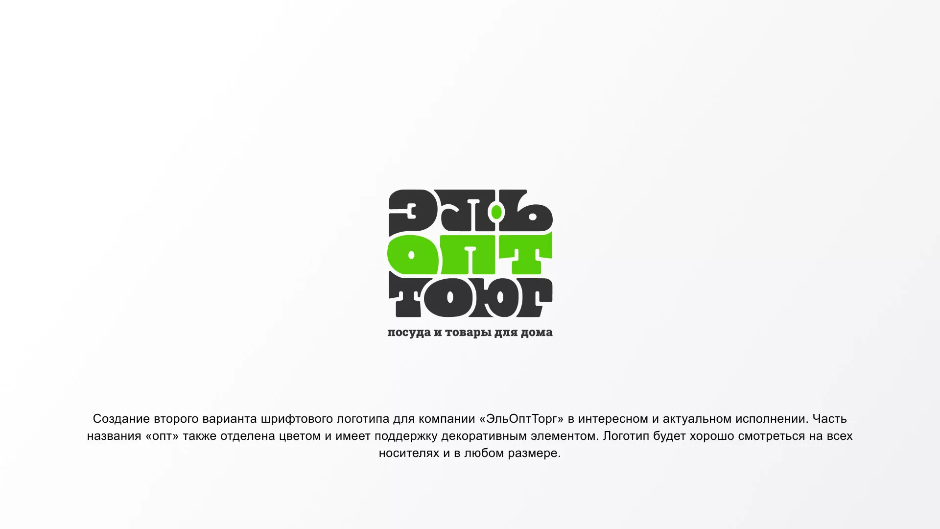 Создание второго варианта шрифтового логотипа в Советске для компании «ЭльОптТорг» в интересном и актуальном исполнении. Часть названия «опт» также отделена цветом и имеет поддержку декоративным элементом. Логотип будет хорошо смотреться на всех носителях и в любом размере.
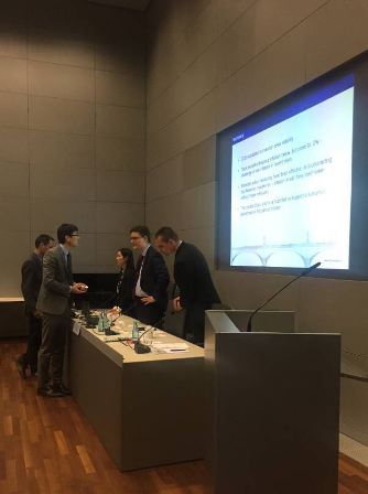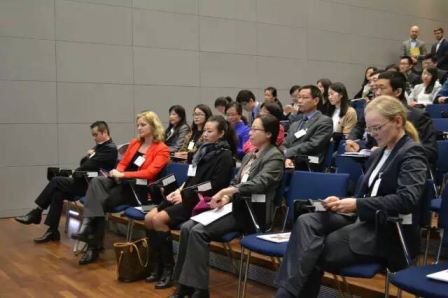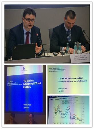 紧接着,欧央行货币政策部主管普通经济学家Spyros Andreopoulos先生给大家做了主题为“欧洲央行货币政策概要以及目前挑战”的报告。Andreopoulos先生首先强调ECB的目标和法定义务:保持欧洲物价稳定——欧央行的所有政策和行为都是为了达到这个目标。他同时指出,“物价稳定”是一个比较宽泛的概念,所以在报告中他也结合了图表数据具体谈论其内容以及如何使用相应的货币政策。比如在制定具体政策时,行长理事会制定利率的目标是:使通胀率低于或接近2%。通过Andreopoulos先生的报告,我们也了解到,如果没有采取这些政策,通货膨胀的现状将会更加严重。报告后中国各大银行代表提出了自己的问题,兴趣高涨的与会者在茶歇期间也抓紧机会与专家进一步交流。茶歇讨论后,欧央行对外发展部的高级经济学家Michel Soudan先生继续为大家做关于“欧洲央行和中国央行关系”的报告。
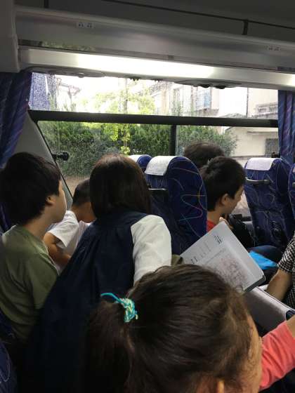 子どもたちは,わくわくしながら,バスに乗っています。
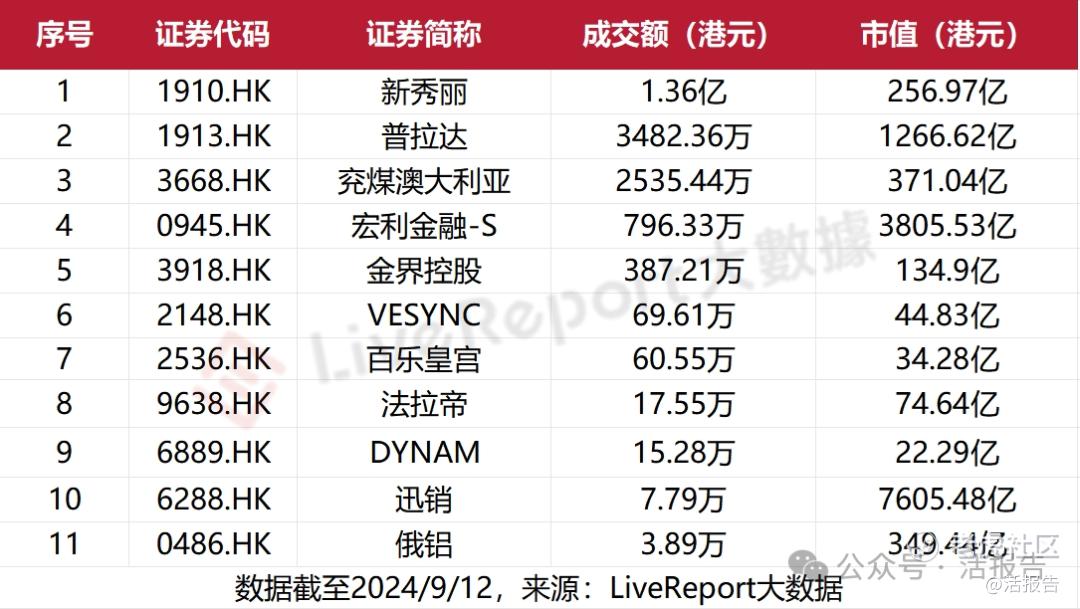 以今日成交金额计,新秀丽以1.36亿港元位居成交额首位,普拉达、兖煤澳大利亚分别为3482.36万港元及2535.44万港元,其余普遍数十至百万港元,而迅销、俄铝的日成交额分别仅为7.79万港元、3.89万港元。
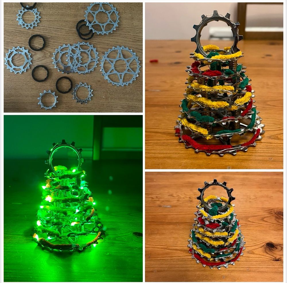 Take a range of different wheel sizes, some wood, an old fake tree, 100 fairy lights (remote control, no less)… add a couple of hours work and some head-scratching… and we have a wee decoration for our outdoor, side-of-the-house, seating area.
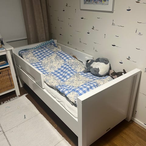 Lapsen käytössä ollut Avaroom juniorsänky 65x160cm (patjan koko). Pinnassa elämisen merkkejä, mutta menee vielä hyvin seuraavalle. Lelulaatikko sekä patja mukana.
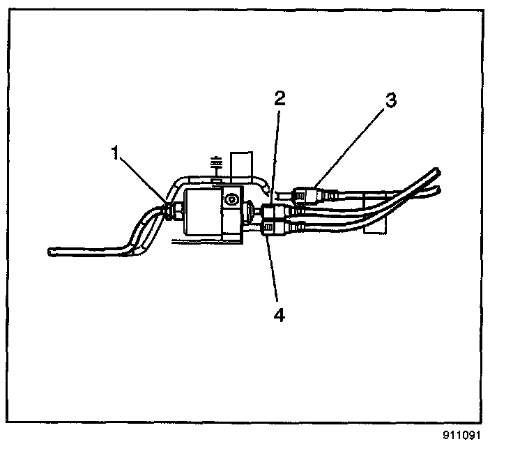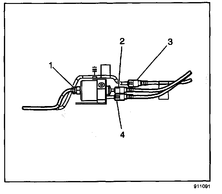 7. Connect the fuel feed (4) and the fuel return (2) quick-connect fittings at the inlet of the in-line fuel filter.
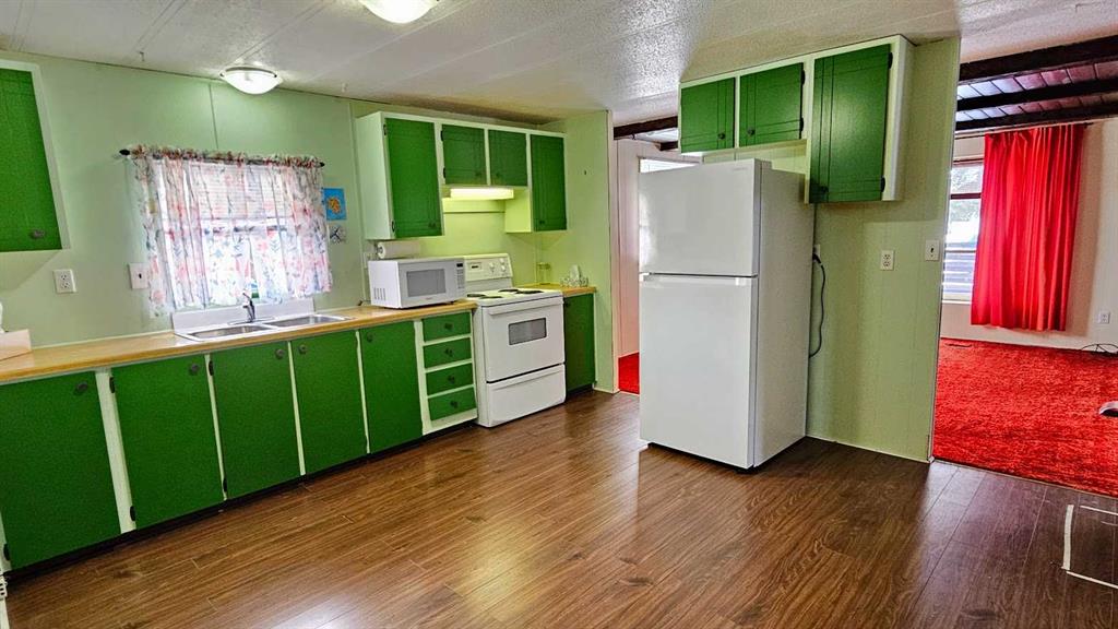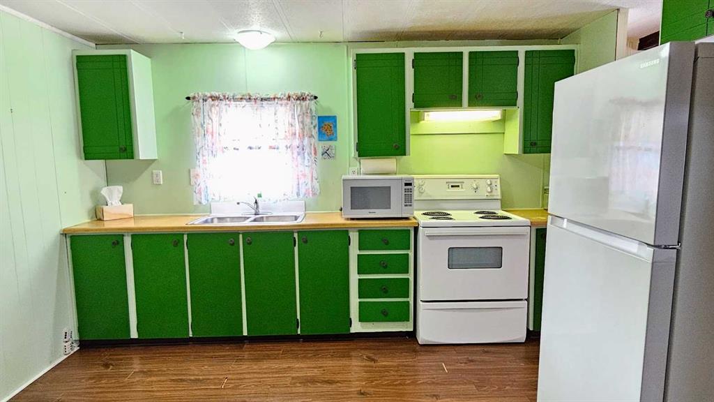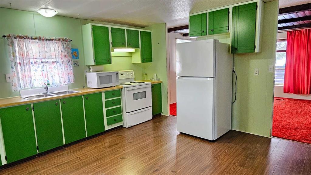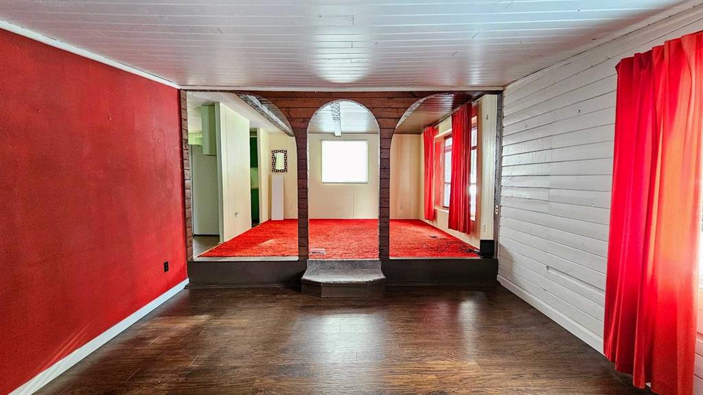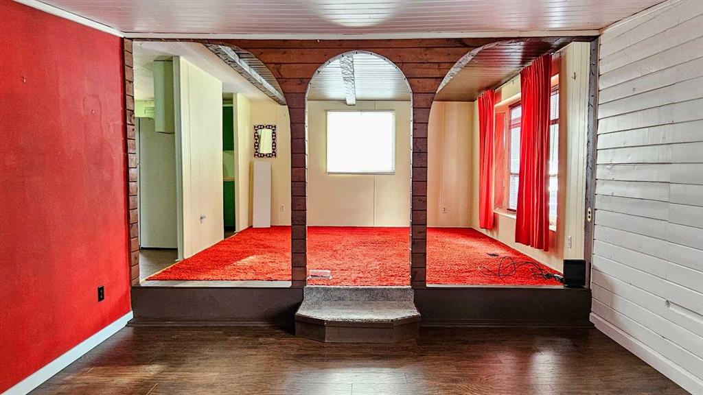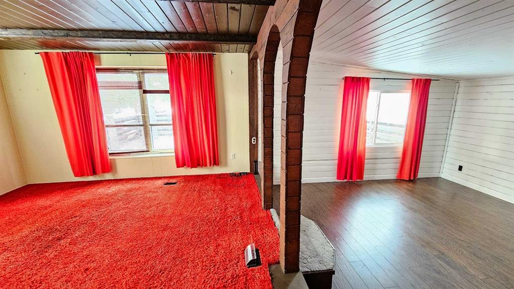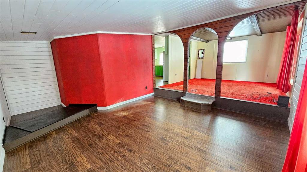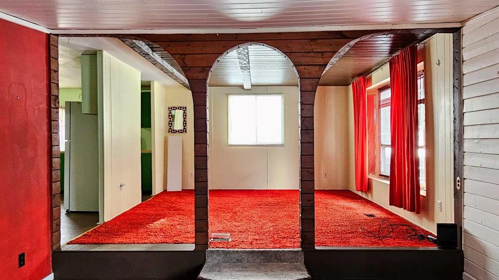 Welcome to This Far-Out Sundre Pad! Groove on over to the NW corner of Sundre, where this throwback beauty is serving up serious 70’s vibes with room to stretch out & live large. This older mobile comes with two generous additions, giving you over 1,100 sq ft of living space—because even disco legends need space to dance. Inside, you’ll find two living rooms, perfect for entertaining, lounging, or setting up a retro rec room. One living room features rich red shag carpet that’s pure vintage cool, & the primary bedroom carries that same plush, cozy throwback style. Bell bottoms optional, comfort guaranteed. The decent-sized kitchen with eating area is ready for morning coffee, late-night snacks, or a fondue party if the mood strikes. With four bedrooms total—including one currently used as an office—you’ve got flexibility for family, guests, or a work-from-home setup. A full 4-piece bathroom with laundry keeps things practical while you enjoy the funkier side of life. Step outside & prepare to be impressed: the huge 9,663 sq ft lot is landscaped & framed with privacy trees at the back, creating a peaceful retreat. The property gently slopes down to an alley & greenspace behind, adding extra breathing room & a touch of nature that the deer sure find right-on. There’s plenty of space to build a garage, workshop, or dream setup. Parking? No problem, baby. The front parking pad fits up to four vehicles, or your vehicles plus an RV—because road trips are always in style. This home is funky, flexible, & full of potential. Whether you lean into the retro charm or add your own modern twist, this Sundre gem is ready for its next groove. “Home Is Where Your Story Begins!”

______________________________

WORK INSTRUCTIONS: Leave the pictures out and reproduce each record exactly as written.

OUTPUT OF THE EXERCISE:
 Создание второго варианта шрифтового логотипа в Советске для компании «ЭльОптТорг» в интересном и актуальном исполнении. Часть названия «опт» также отделена цветом и имеет поддержку декоративным элементом. Логотип будет хорошо смотреться на всех носителях и в любом размере.
 紧接着,欧央行货币政策部主管普通经济学家Spyros Andreopoulos先生给大家做了主题为“欧洲央行货币政策概要以及目前挑战”的报告。Andreopoulos先生首先强调ECB的目标和法定义务:保持欧洲物价稳定——欧央行的所有政策和行为都是为了达到这个目标。他同时指出,“物价稳定”是一个比较宽泛的概念,所以在报告中他也结合了图表数据具体谈论其内容以及如何使用相应的货币政策。比如在制定具体政策时,行长理事会制定利率的目标是:使通胀率低于或接近2%。通过Andreopoulos先生的报告,我们也了解到,如果没有采取这些政策,通货膨胀的现状将会更加严重。报告后中国各大银行代表提出了自己的问题,兴趣高涨的与会者在茶歇期间也抓紧机会与专家进一步交流。茶歇讨论后,欧央行对外发展部的高级经济学家Michel Soudan先生继续为大家做关于“欧洲央行和中国央行关系”的报告。
 子どもたちは,わくわくしながら,バスに乗っています。
 以今日成交金额计,新秀丽以1.36亿港元位居成交额首位,普拉达、兖煤澳大利亚分别为3482.36万港元及2535.44万港元,其余普遍数十至百万港元,而迅销、俄铝的日成交额分别仅为7.79万港元、3.89万港元。
 Take a range of different wheel sizes, some wood, an old fake tree, 100 fairy lights (remote control, no less)… add a couple of hours work and some head-scratching… and we have a wee decoration for our outdoor, side-of-the-house, seating area.
 Lapsen käytössä ollut Avaroom juniorsänky 65x160cm (patjan koko). Pinnassa elämisen merkkejä, mutta menee vielä hyvin seuraavalle. Lelulaatikko sekä patja mukana.
 7. Connect the fuel feed (4) and the fuel return (2) quick-connect fittings at the inlet of the in-line fuel filter.
 Welcome to This Far-Out Sundre Pad! Groove on over to the NW corner of Sundre, where this throwback beauty is serving up serious 70’s vibes with room to stretch out & live large. This older mobile comes with two generous additions, giving you over 1,100 sq ft of living space—because even disco legends need space to dance. Inside, you’ll find two living rooms, perfect for entertaining, lounging, or setting up a retro rec room. One living room features rich red shag carpet that’s pure vintage cool, & the primary bedroom carries that same plush, cozy throwback style. Bell bottoms optional, comfort guaranteed. The decent-sized kitchen with eating area is ready for morning coffee, late-night snacks, or a fondue party if the mood strikes. With four bedrooms total—including one currently used as an office—you’ve got flexibility for family, guests, or a work-from-home setup. A full 4-piece bathroom with laundry keeps things practical while you enjoy the funkier side of life. Step outside & prepare to be impressed: the huge 9,663 sq ft lot is landscaped & framed with privacy trees at the back, creating a peaceful retreat. The property gently slopes down to an alley & greenspace behind, adding extra breathing room & a touch of nature that the deer sure find right-on. There’s plenty of space to build a garage, workshop, or dream setup. Parking? No problem, baby. The front parking pad fits up to four vehicles, or your vehicles plus an RV—because road trips are always in style. This home is funky, flexible, & full of potential. Whether you lean into the retro charm or add your own modern twist, this Sundre gem is ready for its next groove. “Home Is Where Your Story Begins!”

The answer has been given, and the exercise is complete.